Abstract

Intermittently powered systems represent a new class of batteryless devices that operate solely on energy harvested from their environment. Due to the unreliable nature of ambient energy sources, these devices experience frequent intervals of power loss, leading to sudden reboots. Tolerating such power supply disruptions require the ability to rapidly checkpoint/save system state when power loss is imminent and restore it at the start of the next power cycle to continue computations in a seamless manner. A typical microcontroller used in these systems consists of a fast nonvolatile SRAM and a nonvolatile Flash storage.
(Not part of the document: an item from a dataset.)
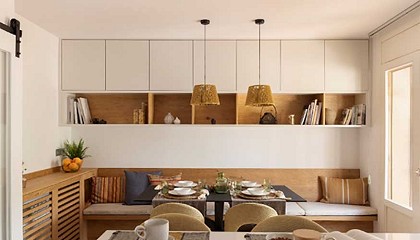 barandilla a juego. Salón amueblado. Cocina independiente con zona de comedor La intervención en la cocina ha sido mínima. Destacan los detalles en tono mostaza sobre una base negra ya existente

Prior work has shown how emerging nonvolatile memory technologies such as STT-MRAM can improve the energy efficiency of these systems, either by using STT-MRAM as a drop-in replacement for Flash (henceforth referred to as the SRAM+STT-MRAM memory configuration) or using STT-MRAM as unified memory (henceforth referred to as the unified STT-MRAM memory configuration). However, both these configurations have significant drawbacks. Using the SRAM+STT-MRAM configuration leads to high checkpointing overhead due to the inefficient write operations of STT-MRAM whereas using the unified STT-MRAM configuration is inefficient due to executing every program instruction directly from STT-MRAM. This paper proposes a novel Spin Hall Effect-based nonvolatile-SRAM (SNVRAM) bit-cell that combines the nonvolatility of spin devices with the speed and energy efficiency of conventional 6T SRAM cells. We explore the use of the proposed SNVRAM to replace the SRAM in a transiently powered system to mitigate the drawbacks of the aforementioned memory configurations. Simulation results using a set of evaluation benchmarks demonstrate that the SNVRAM+STT-MRAM configuration leads to significant memory energy benefits of $2.6\times $ and $2.8\times $ on average, compared to the SRAM+STT-MRAM and unified STT-MRAM memory configurations, respectively.